Many people in our modern society struggle with hormonal imbalances, which can manifest in numerous ways: Weight imbalances, anxiety, depression, mood swings, low libido, fatigue, infertility, female health concerns, and insomnia—just to name a few. In this post, we discussed tips for female hormonal health (much of which can also be applied to males). To continue the discussion on hormonal imbalance, here are a few more ways to ensure healthy hormone balance:
Control Stress: The human body was not designed to be subjected to the amount of chronic stressors present in our modern society. The master stress hormone, cortisol, affects every single system in the body. As part of its role in the fight-or-flight response, cortisol helps to redirect fuel to the body’s organs that need it the most in a situation that the body perceives to be an emergency. This results in an increase in blood sugar levels and a suppression of the body’s systems and functions that are considered nonessential for immediate survival, including the reproductive, digestive, and immune systems, as well as normal growth and metabolism. In the event of a true emergency, the fight-or-flight response is a critical adaptation by the body. However, long-term activation of the stress response leads to hormonal imbalance and many other health consequences. Besides suppressing normal hormone production, the building blocks of hormones, particularly those used to produce sex hormones, are diverted for use by the adrenal glands for cortisol production during periods of chronic stress.
It is impossible to ensure healthy hormonal balance without addressing stress. Chronic stress can certainly involve an emotional component, but it also includes physical stressors, such as a poor diet, over or under-exercising, hidden infections, toxin exposure, too little sunlight exposure, or inadequate sleep and rest. Tackling all of the individual components of stress is important to correct hormonal imbalance.
Sleep: Many hormones are produced and released according to the circadian rhythm. An adequate amount of sleep is necessary to ensure the normal production and action of the various diurnal hormones that operate according to the sleep-wake cycle. An inadequate amount of sleep also leads to imbalanced cortisol production, which then negatively impacts many different hormones and endocrine functions. Decreased glucose tolerance, increased insulin resistance, and an inability to control blood sugar levels can also be a result of chronic sleep deprivation. Every individual’s need for sleep will vary, but the research suggests that most people need at least 7-10 hours in order to function optimally. However, if you are already dealing with hormonal imbalances and other symptoms of poor health, you may require more sleep.

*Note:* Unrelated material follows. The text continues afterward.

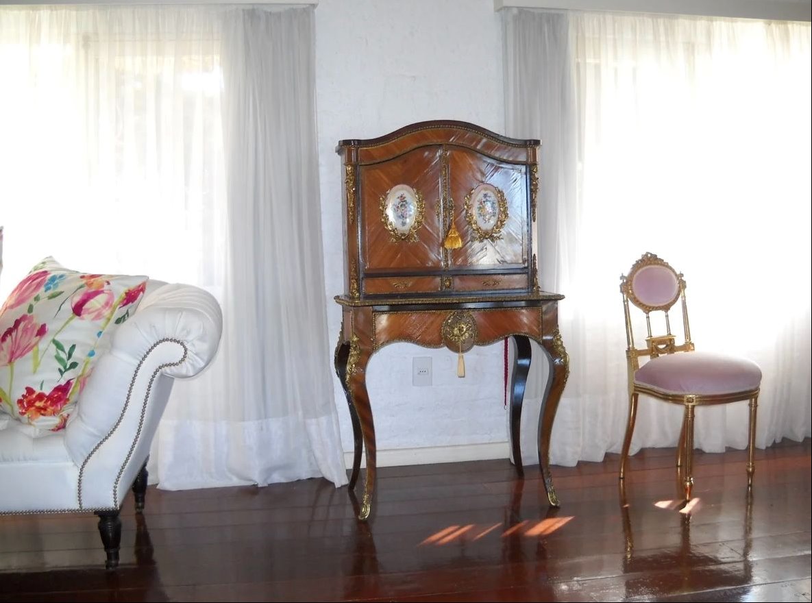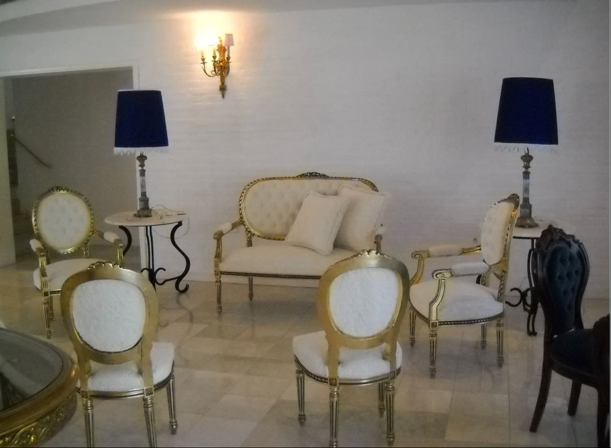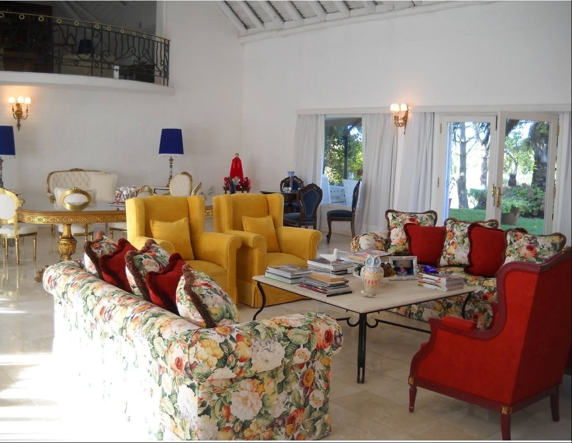 • Amplio living principal de 100 m² con ventanales y mobiliario de estilo francés.

Exercise: The right type and amount of physical activity has a positive effect the body’s overall hormonal profile. In conjunction with a nutrient-dense, real food diet, exercise can help to mitigate weight gain and obesity. In females, being overweight can contribute to estrogen dominance because fat cells covert testosterone into estrogen in a process known as aromatization.
A frequent amount of low intensity activity (such as walking), a moderate amount of strength training, and occasional high intensity intervals (such as sprints) have a beneficial impact on hormone balance. However, chronic endurance cardiovascular exercise should be avoided if you have symptoms of hormonal imbalance. Chronic endurance exercise triggers long-term activation of the stress response, which leads to adrenal stress, an imbalance of cortisol, and a disruption of normal hormone function.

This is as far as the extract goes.